- [Task]:
The line with "3. Clic en + Agregar región.", the line with "Деревянный поезд с", and all lines between them in the material below: return these exactly, and no others.

- [Source material]:
□ □ □ □
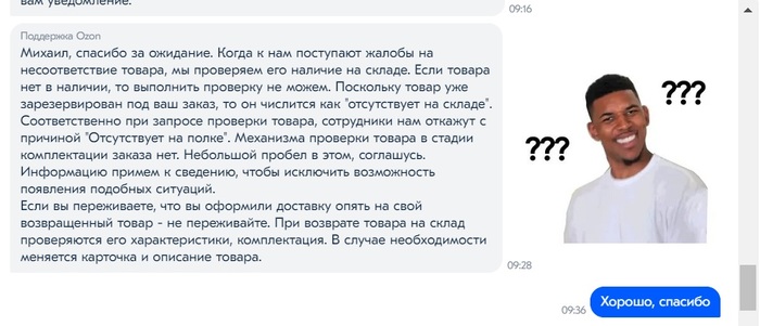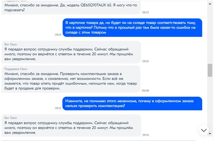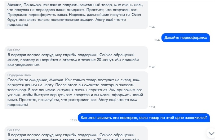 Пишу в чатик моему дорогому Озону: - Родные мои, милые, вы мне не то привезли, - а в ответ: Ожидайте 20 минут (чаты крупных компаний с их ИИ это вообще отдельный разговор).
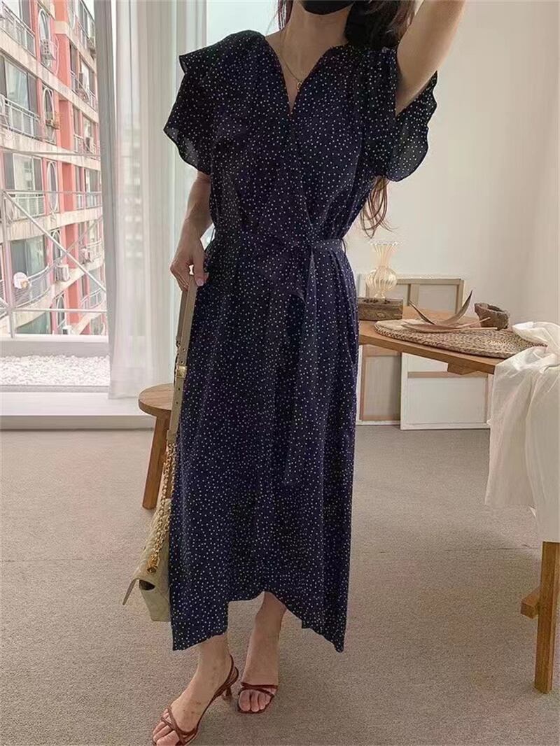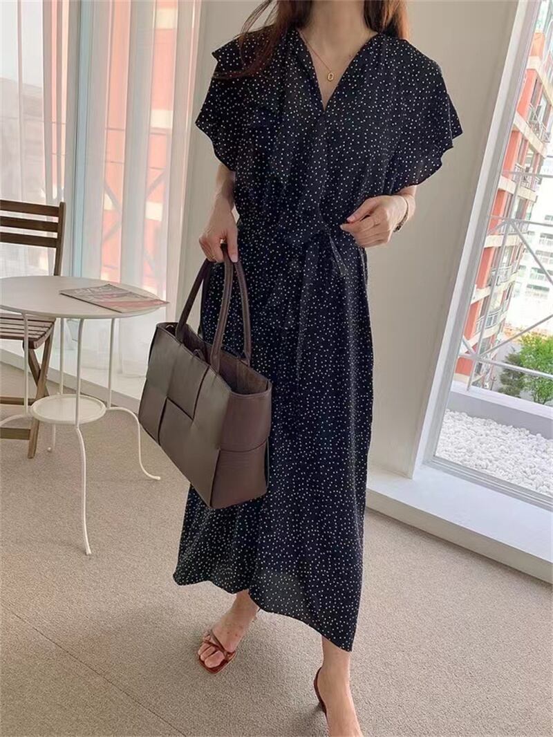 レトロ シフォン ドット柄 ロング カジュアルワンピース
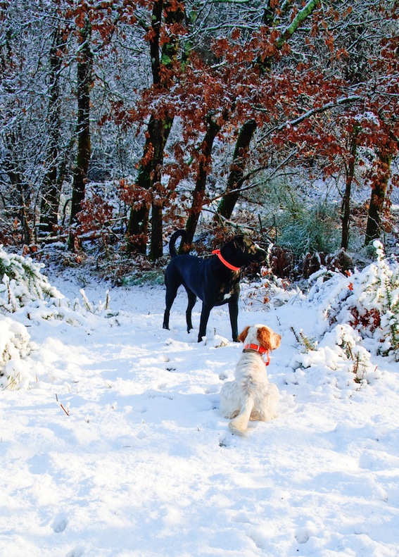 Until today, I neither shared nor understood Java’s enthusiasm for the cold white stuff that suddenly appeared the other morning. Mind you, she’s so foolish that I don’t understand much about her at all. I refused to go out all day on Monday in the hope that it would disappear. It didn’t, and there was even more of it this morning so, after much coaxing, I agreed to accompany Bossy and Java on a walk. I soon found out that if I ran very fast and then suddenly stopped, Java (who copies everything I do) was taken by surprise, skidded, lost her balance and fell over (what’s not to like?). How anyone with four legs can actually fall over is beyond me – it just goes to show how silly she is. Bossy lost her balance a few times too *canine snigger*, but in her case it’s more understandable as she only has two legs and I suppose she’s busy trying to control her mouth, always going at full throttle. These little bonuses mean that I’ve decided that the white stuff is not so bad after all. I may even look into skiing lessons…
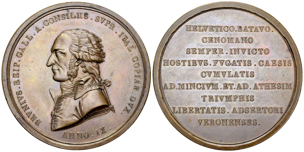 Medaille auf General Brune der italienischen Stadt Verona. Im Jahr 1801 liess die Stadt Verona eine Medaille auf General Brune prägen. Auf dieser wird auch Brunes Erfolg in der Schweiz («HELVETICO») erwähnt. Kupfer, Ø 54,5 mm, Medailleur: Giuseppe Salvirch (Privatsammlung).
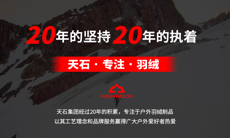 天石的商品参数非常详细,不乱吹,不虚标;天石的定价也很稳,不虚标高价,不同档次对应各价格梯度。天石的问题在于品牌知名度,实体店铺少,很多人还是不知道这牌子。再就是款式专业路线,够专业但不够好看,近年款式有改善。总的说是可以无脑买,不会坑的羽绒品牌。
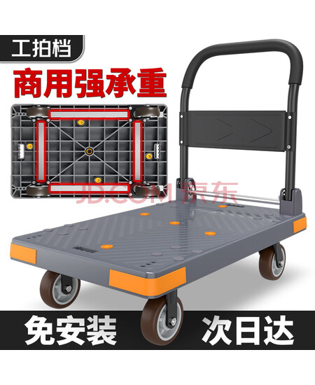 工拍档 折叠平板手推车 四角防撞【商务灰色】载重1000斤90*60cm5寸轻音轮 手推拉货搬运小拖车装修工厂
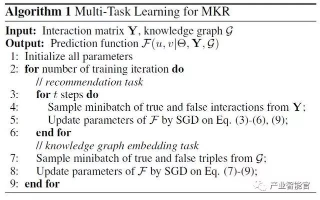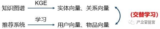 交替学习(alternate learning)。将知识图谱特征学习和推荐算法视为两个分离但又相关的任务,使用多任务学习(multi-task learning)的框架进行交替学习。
□ □ □ □
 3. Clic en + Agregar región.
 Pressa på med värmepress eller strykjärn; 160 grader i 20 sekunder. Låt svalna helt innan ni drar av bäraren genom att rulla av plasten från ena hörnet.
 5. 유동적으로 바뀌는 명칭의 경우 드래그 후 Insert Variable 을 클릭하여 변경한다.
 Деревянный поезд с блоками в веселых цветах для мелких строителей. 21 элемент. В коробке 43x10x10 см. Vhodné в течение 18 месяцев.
□ □ □ □
- [Output of the exercise]:
 3. Clic en + Agregar región.
 Pressa på med värmepress eller strykjärn; 160 grader i 20 sekunder. Låt svalna helt innan ni drar av bäraren genom att rulla av plasten från ena hörnet.
 5. 유동적으로 바뀌는 명칭의 경우 드래그 후 Insert Variable 을 클릭하여 변경한다.
 Деревянный поезд с блоками в веселых цветах для мелких строителей. 21 элемент. В коробке 43x10x10 см. Vhodné в течение 18 месяцев.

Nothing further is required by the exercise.